Mr. Kerry runs no better than third or fourth among Democrats in Iowa and has dropped to fourth place nationally. His support registers in single digits in the national polls.

Election analysts say Mr. Kerry’s decline is largely the result of his inability to fashion a strong political message that can overcome the combative Mr. Dean’s sharply partisan message against Mr. Bush’s handling of Iraq, the economy and jobs.

“It’s message versus no message,” said pollster John Zogby. “Dean is focused. His messages can fit on a bumper sticker. They’re clear. You know who he is and you know where he stands. …

“Kerry just hasn’t found a focus yet. He is all nuances. He can give you competing arguments on all the major issues and have you walk away and say, ‘Yeah, but where does he stand?’” Mr. Zogby said.

Democratic strategists acknowledge that Mr. Kerry has one of the best professional campaign teams in the business. But they say he has not been able to get any traction for his attacks against Mr. Dean, who is in a dead heat with Rep. Richard A. Gephardt of Missouri for first among Iowa Democrats. In some polls, Mr. Dean is slightly ahead of the former House Democratic leader.

Earlier this month, Gallup found that support for Mr. Kerry fell 3 percentage points nationally in just 10 days. Mr. Kerry sank behind Mr. Dean, Mr. Gephardt and Sen. Joe Lieberman of Connecticut. Regionally, Mr. Zogby’s polling shows Mr. Kerry running well behind his rivals in the East, South and the Midwest.

Mr. Kerry’s third- or fourth-place position in Iowa was bad enough, but his decline in New Hampshire — now 21 percent to Mr. Dean’s 28 percent — has some rival campaigns forecasting the end of Mr. Kerry’s candidacy if he loses the first 2004 primary.

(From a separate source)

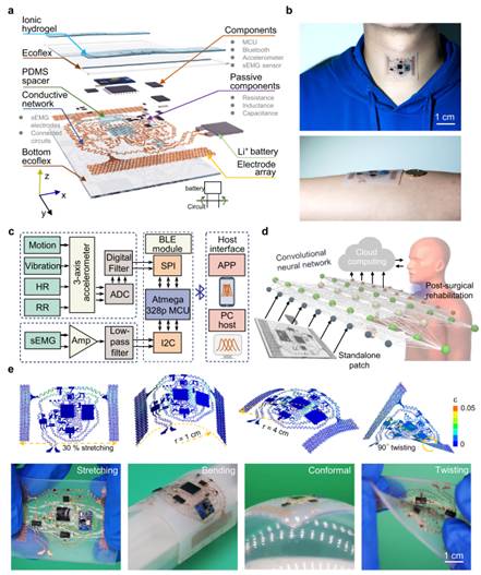 针对上述问题,近日,304永利集团王卫东教授、厦门大学高立波副教授、香港大学陆洋教授以及宾州州立大学程寰宇教授联合唐都医院耳鼻喉科主任赵大庆教授和空军军医大学张杨教授等多位合作者,报道了一种用于喉部康复监测的具有传感器内自适应机器学习能力的全集成独立可延展的器件平台。成果以“A fully integrated, standalone stretchable device platform with in-sensor adaptive machine learning for rehabilitation”为题在《自然•通讯》(Nature Communications)上发表。作者团队研发的器件平台已在肌无力及喉癌病人的术后康复方面进行临床验证并取得了医生积极评价,临床试验效果与喉镜检测的喉部活动节律结果一致,并可以获取到喉镜视角受限下的误吸和咳嗽状态。

“It’s difficult for any candidate to do poorly in Iowa and New Hampshire and be taken seriously,” said Jim Demers, who is Mr. Gephardt’s chief New Hampshire strategist, “and it becomes even more difficult if you are a New Englander and do poorly in New Hampshire.”

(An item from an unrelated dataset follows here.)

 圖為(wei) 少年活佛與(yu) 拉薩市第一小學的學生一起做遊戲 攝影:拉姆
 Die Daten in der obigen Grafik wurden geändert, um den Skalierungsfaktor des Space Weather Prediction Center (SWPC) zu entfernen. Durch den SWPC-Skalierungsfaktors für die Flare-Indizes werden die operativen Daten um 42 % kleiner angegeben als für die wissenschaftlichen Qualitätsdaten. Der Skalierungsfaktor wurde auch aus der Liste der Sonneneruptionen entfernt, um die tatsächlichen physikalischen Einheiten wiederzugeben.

Mr. Kerry’s supporters, and even some of his opponents, discounted his slippage more than five months before the first votes — the Jan. 24 Iowa caucuses and the Jan. 27 primary in New Hampshire. Most voters are not focused on the presidential elections and won’t be until sometime after Labor Day, they say.

“Polls at this stage are essentially meaningless, particularly in Iowa and New Hampshire. Dean’s had a lot of favorable press in the last couple of weeks, with cover stories in Time and Newsweek,” said Philip Johnston, a Kerry adviser and chairman of the Massachusetts Democratic Party.

“If Kerry loses New Hampshire, I think we’d have the resources to go on, but I don’t want to speculate, because I think he will win,” Mr. Johnston said.

Mr. Dean has been running TV ads in southern New Hampshire for nearly two weeks now. The Kerry campaign decided to wait until early September when his advisers believe voters will be paying more attention.

“Kerry had great name recognition, but the part of New Hampshire closest to Massachusetts didn’t really know Howard Dean. As Howard’s name recognition has grown, you are seeing a shift going on,” said Boston businessman Steve Grossman, the former Democratic national chairman who is now co-chairman of the Dean campaign. “Going on television early, that’s part of why his numbers have gone up.”

Mr. Dean’s early surge may help lock more Democrats and independents in his corner, making it difficult for Mr. Kerry to later recover from early losses — as Bill Clinton did in 1992 after placing second in New Hampshire.

Mr. Gephardt’s advisers are playing up the Dean-Kerry rivalry, hoping it will create an opening for the Missouri congressman, whose strategy is to win Iowa and place a strong third in New Hampshire.

“For Howard Dean and John Kerry, New Hampshire is like a demolition derby. Only one of them will drive out. When you come from next door, like Massachusetts or Vermont, you have to win here in order to move on,” Mr. Demers said.